Happy 185th Birthday Springbank – Scotch Whisky News
Happy 185th Birthday Springbank
by Mark Davidson
All distilleries are unique but in true George Orwell style some are more unique than others. Springbank distillery in Campbeltown, Argyll can be singled out as having an embarrassment of riches any one of which another distiller would be proud to boast of.
Perhaps its single most attractive aspect is the fact that the company has the oldest original family owned distillery in Scotland. As Scottish whisky grew in popularity it could not avoid the attentions of big business. As a commodity whisky can offer handsome dividends to any investors, although any return may not be dramatically quick thanks to the time taken to mature stock. So it was that small family established businesses were bought out by, initially, home grown companies then eventually overseas predators. Where we are today is the curious position of having many of our most famous brands owned by large companies from abroad. These corporations often have interests not focused on just one category of beverage and may even deal in other totally unrelated industries. How refreshing it is then to have such a jewel still in independent Scottish hands. Amongst the very few stills held by private companies Springbank can point to their longevity, they were established in 1828, as testament to their reputation for quality and dependency.
Beyond this remarkable achievement the distillers lay claim to the most complete and traditional distillery in Scotland. Nowhere else will you see the whole production process taking place on one site. From the arrival of un-malted barley to the despatch of the bottled product all parts of the production process are controlled in-house. The retention of old fashioned methods must surely contribute to the well recognised complexity in their drams.
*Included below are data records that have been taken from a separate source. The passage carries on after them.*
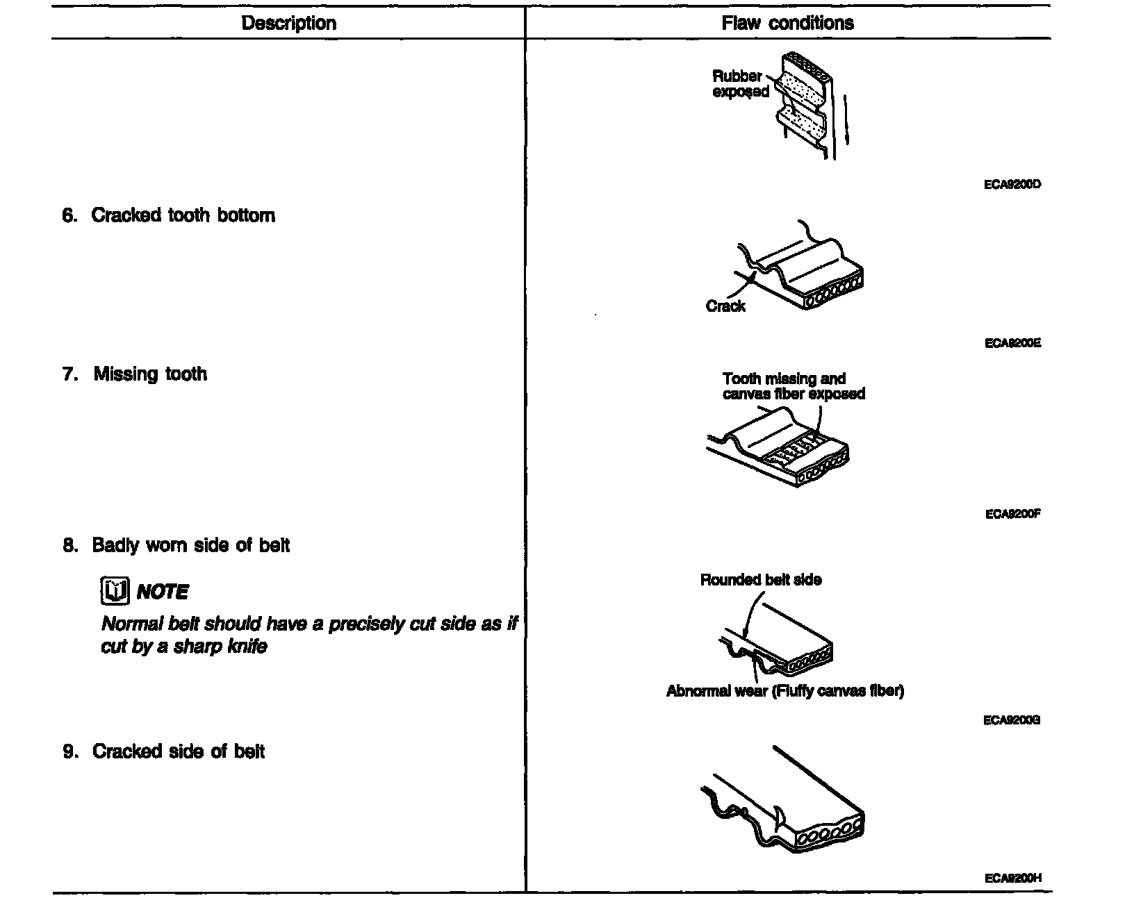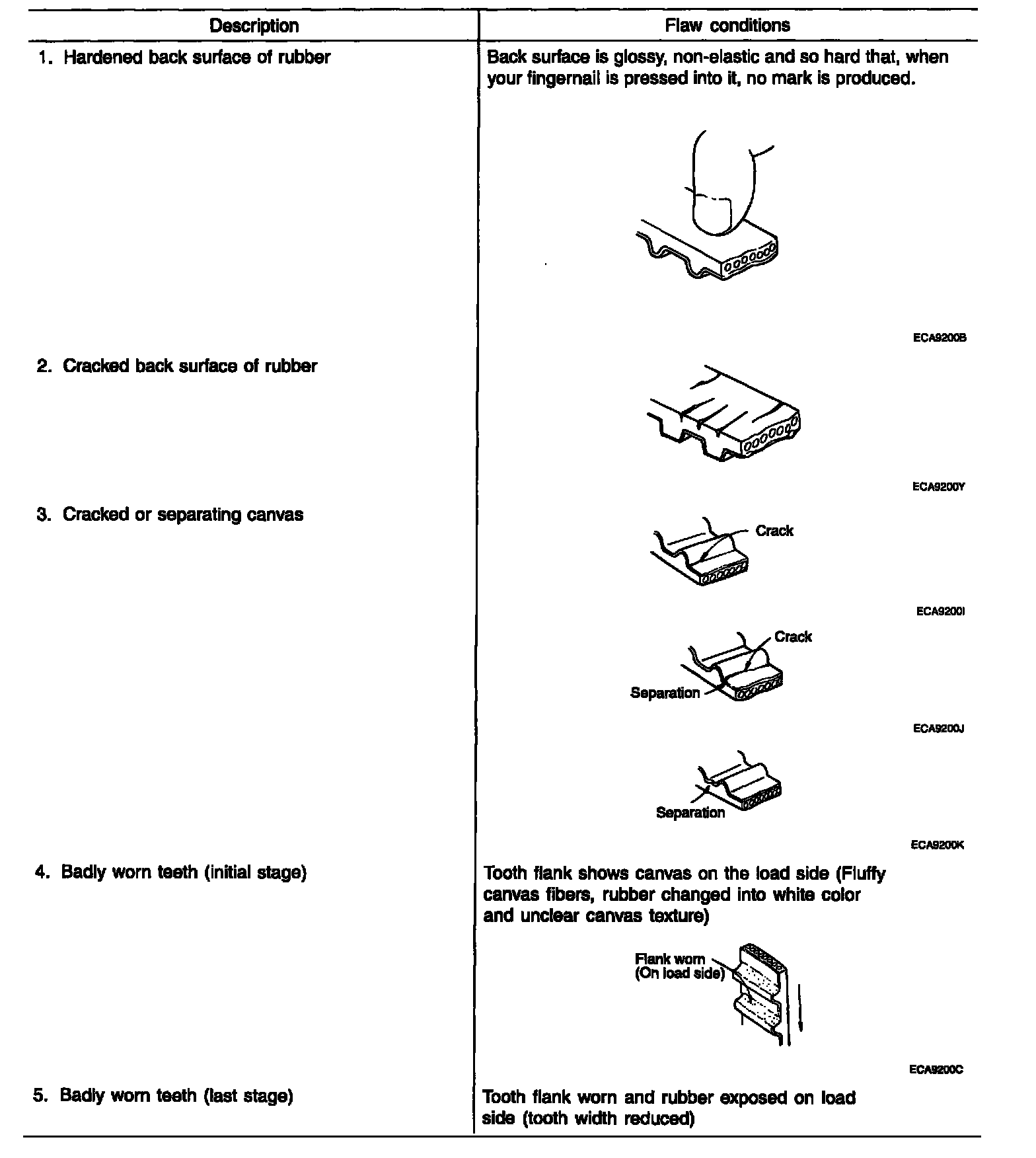 2. When the engine is overhauled or belt tension adjusted, check the belt carefully. If any of the following flaws are evident, replace the belt.
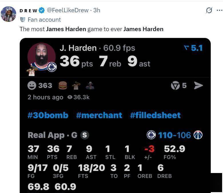 对于一名36岁的老将来说,哈登本赛季的表现令人惊叹。他场均出战时间超过37分钟,在关键时刻依然能保持高效得分。这种耐久性和稳定性,正是全明星球员应有的特质。
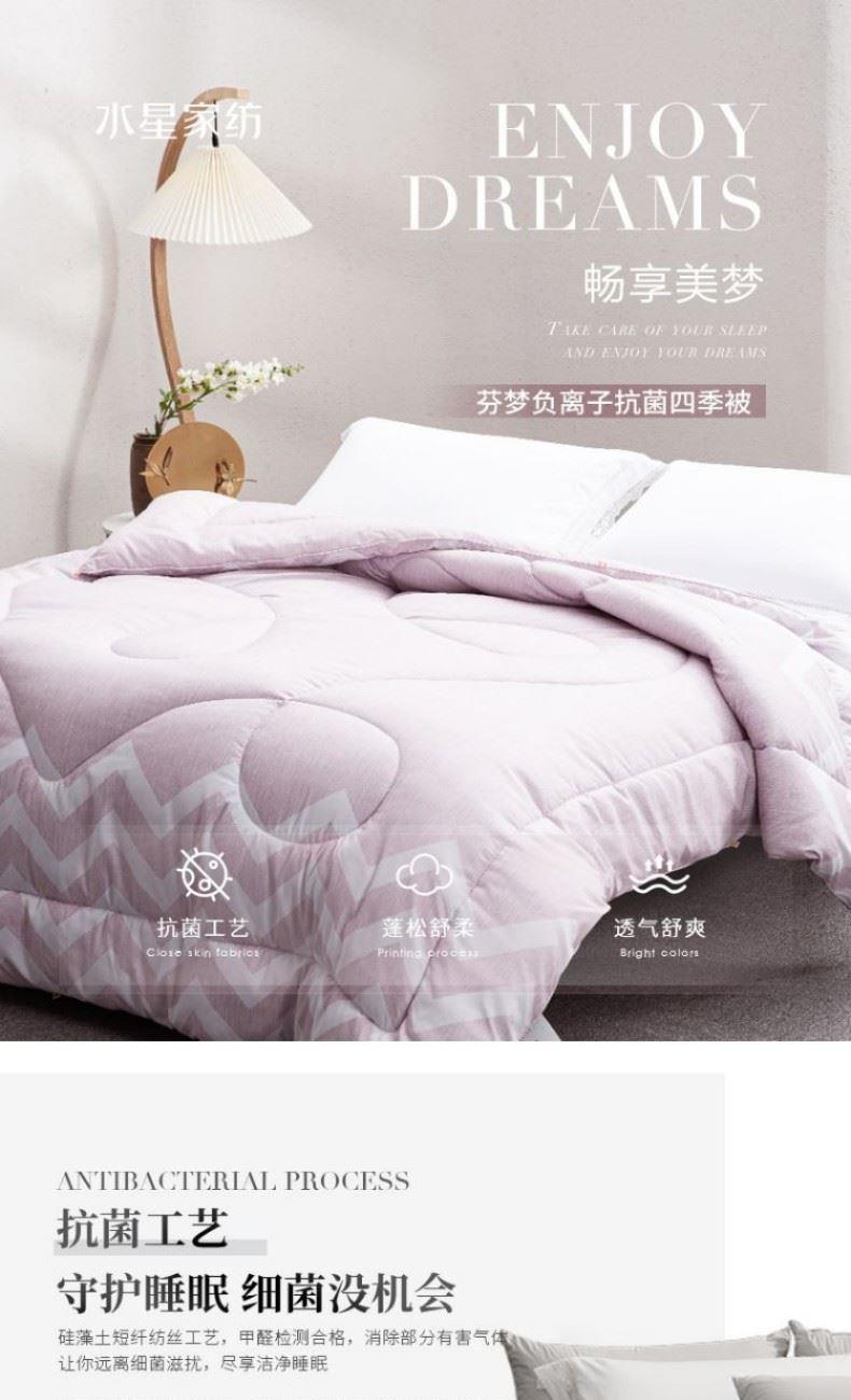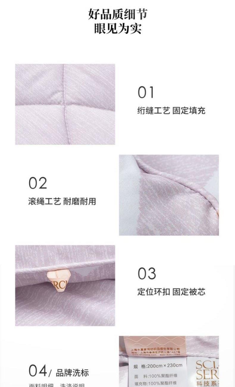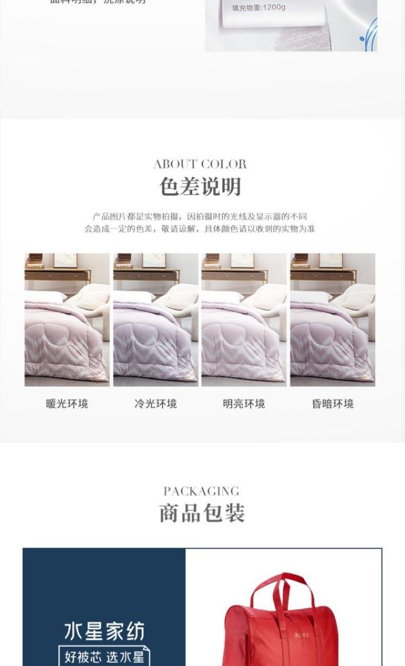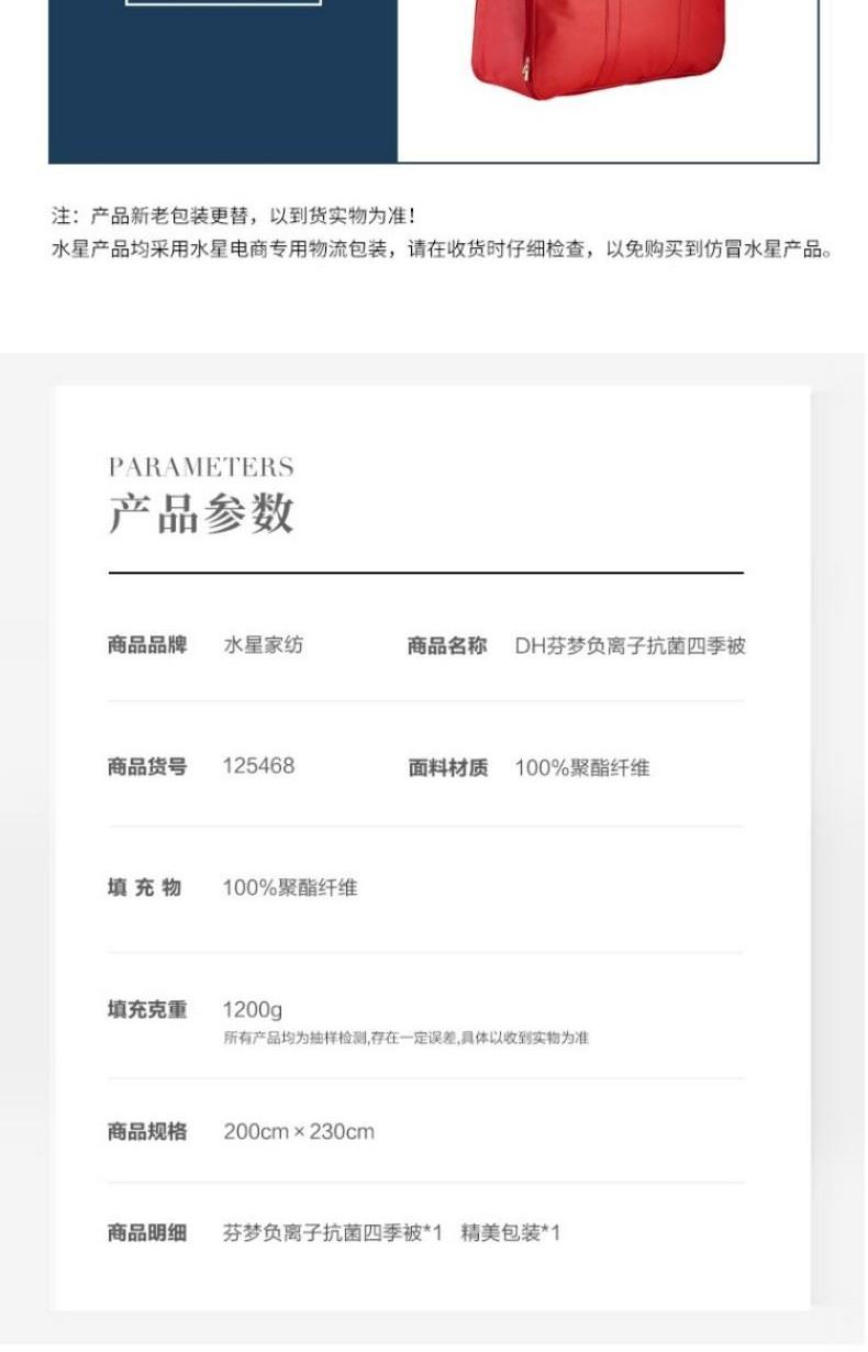 面料:聚酯纤维 规格:200*230cm 填充物:聚酯纤维(内含七孔聚酯纤维;50%硅藻土纤维) 填充克重:1200g
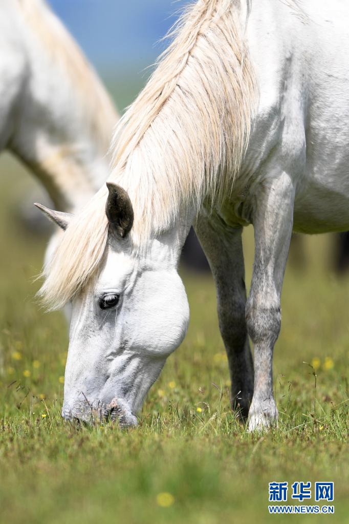 這是7月15日在甘肅瑪曲縣河曲馬場(chǎng)拍攝的河曲馬。新華社記者 杜哲宇 攝
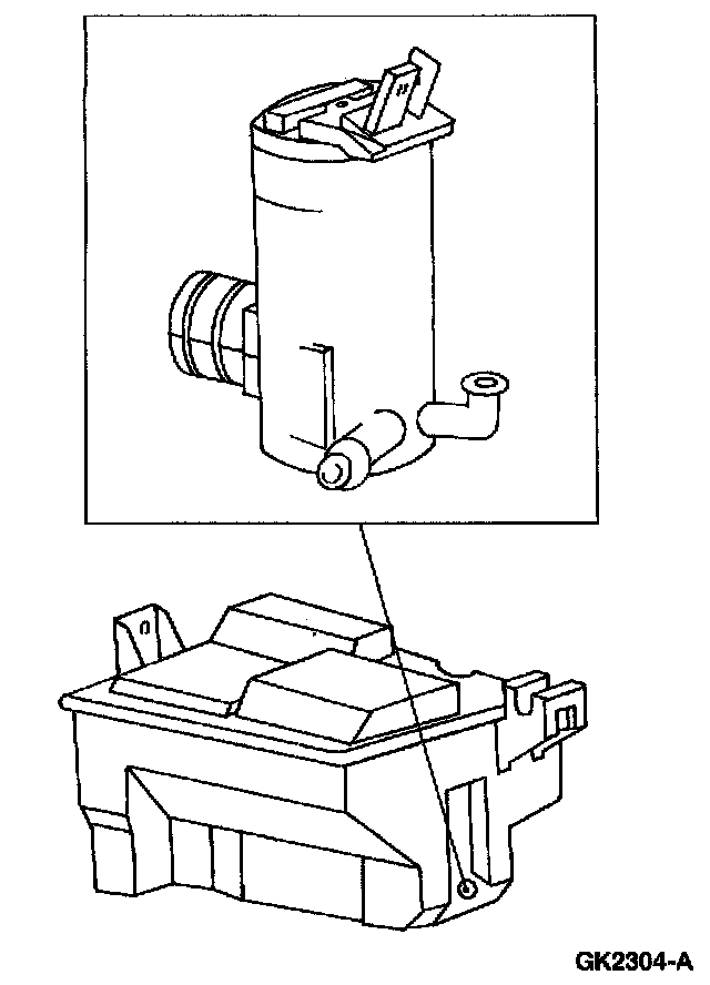 REMOVAL1. Disconnect the jack handle from the windshield washer reservoir.
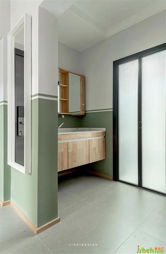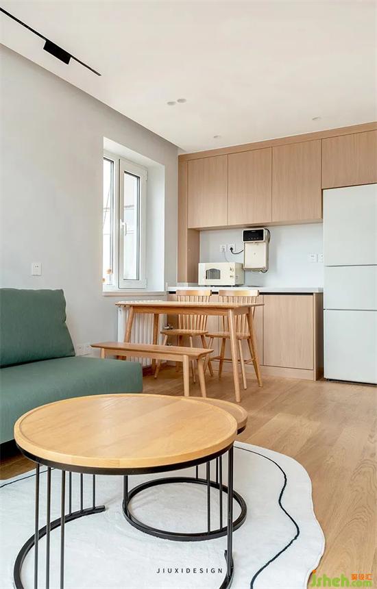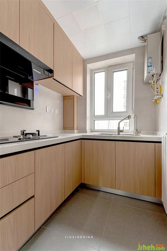 厨房整体以原木和灰色砖为主,干净整洁。室内设计师为了达到整体结室内设计师构统一,下水也用板式家具包覆隐藏,同时预留了可以开启的检修口,将细节感拉满。
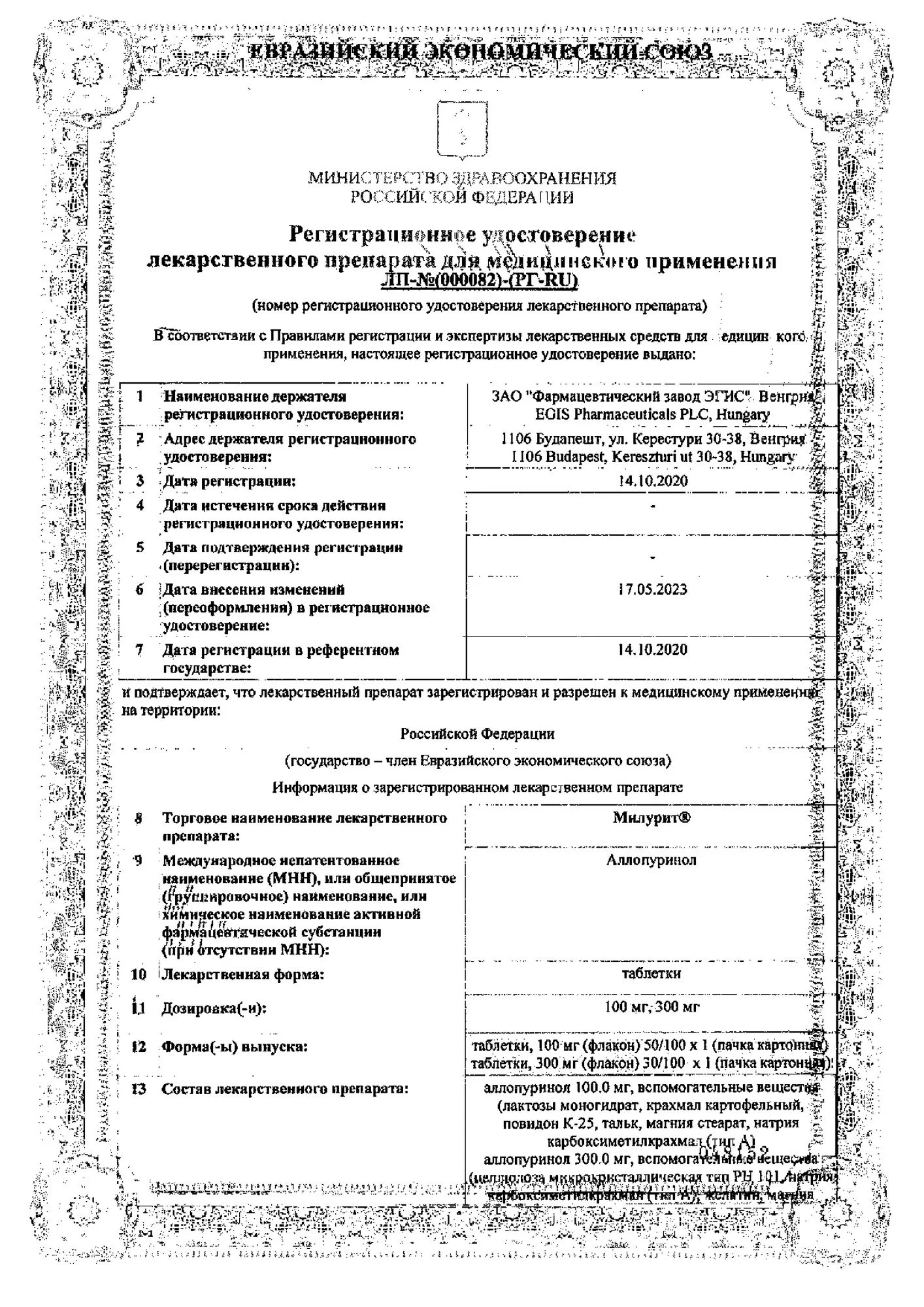 Нечастые: реакции гиперчувствительности; тяжелые реакции гиперчувствительности, включая кожные реакции с отслойкой эпидермиса, лихорадкой, лимфаденопатией, артралгией и (или) эозинофилией (в том числе синдром Стивенса-Джонсона (ССД) и токсический эпидермальный некролиз (ТЭН)) (см. раздел «Нарушения со стороны кожи и подкожных тканей»). Сопутствующий васкулит или реакции со стороны ткани могут иметь различные проявления, включая гепатит, поражение почек, острый холангит, ксантиновые конкременты и, в очень редких случаях, судороги. Кроме того, очень редко наблюдалось развитие анафилактического шока. При развитии тяжелых нежелательных реакций терапию аллопуринолом необходимо немедленно прекратить и не возобновлять. При отсроченной мультиорганной гиперчувствительности (известной как синдром лекарственной гиперчувствительности могут развиваться следующие симптомы в различных комбинациях: лихорадка, кожная сыпь, васкулит, лимфаденопатия, псевдолимфома, артралгия, лейкопения, эозинофилия, гепато-спленомегалия, изменение результатов печеночных функциональных тестов, синдром исчезающих желчных протоков (разрушение или исчезновение внутрипеченочных желчных протоков). Могут быть затронуты другие органы (например, печень, легкие, почки, поджелудочная железа, миокард и толстый кишечник). При развитии таких реакций в любой период лечения, Милурит следует немедленно отменить и никогда не возобновлять. Повторно начинать прием препарата пациентами с синдромом гиперчувствительности и ССД/ТЭН не следует. Кортикостероиды могут быть полезны при лечении реакций гиперчувствительности со стороны кожи.

Of the near 100 malt distilleries in Scotland only 6 retain floor maltings. Of these only Springbank produces 100% of distilling requirements. The other 90-odd all rely on mechanised malting for their barley. Almost exclusively this part of the process is sub-contracted to specialists not connected with the distiller. The dependency on outsiders although not appealing to the Mitchells (Springbank’s owners) does not necessarily mean a compromise of quality. Indeed the consistency of a professional maltster solved problems associated with floor maltings where variables such as ambient temperature can affect results. The reason for the switch from tradition was really down to matters of scale and economy. As demand grew distilleries expanded and their appetite for grain out grew their capacity to feed themselves. Modern drum maltings were designed to the new scale required. Also as the manual option is so labour intensive, the malting barley must be turned regularly to prevent matting and to evenly spread the germinating heat, the costs of manning the floors became unattractive. Production at Springbank is indeed capped by their ability to supply enough malt and the distillery runs at a fraction of its potential output.
At the other end of production bottling may seem a rather mundane issue. Far from it. As a cask of mature whisky would typically be around 60% alcohol if the bottled dram was sold at this strength the price of a standard size bottle would be considerably higher than if it was diluted. Also an argument runs that this strength is too high to find the drink’s character and watering down is essential for proper appreciation. This is why 99.9…% of all whisky is bottled at the legal minimum strength of 40%abv. The question must be asked: what water was used during reduction? Many whisky labels will wax lyrical about the source of their production water being of ambrosial quality. How many allude to the neutral nature of the water added at the bottling stage? Again Springbank can be relied upon to treat their efforts appropriately. Alongside very few other malts Springbank sympathetically dilute their mature whisky with the water used to make it, keeping complete the influence from minerals to be found at source. All this at the superior 46% abv.
By now you should realise this company is more about substance than subcontracts. There hasn’t been enough space here to mention features like their warehousing, method of heating stills, distilling regime, condensing techniques and further bottling principles all of which deserve mention. A visit to their website, www.springbankwhisky.com, should further illuminate just how special this family inheritance is.
Mark Davidson…
Of a distinguished Banff 1968 vintage Mark Davidson has a short but full body and so marries well (& subsequently producing two limited editions), frequently seen at whisky fairs in Scotland yet curiously difficult to find outside his domestic market it is hoped his inaugural launch on the Canadian scene will be well received. He is at home in independant bottling circles being most commonly found in the William Cadenhead livery where he has enjoyed a 13 year finishing period, however as a stand alone single expression under the Jolly Toper brand he can come into his own while being a fine mixer.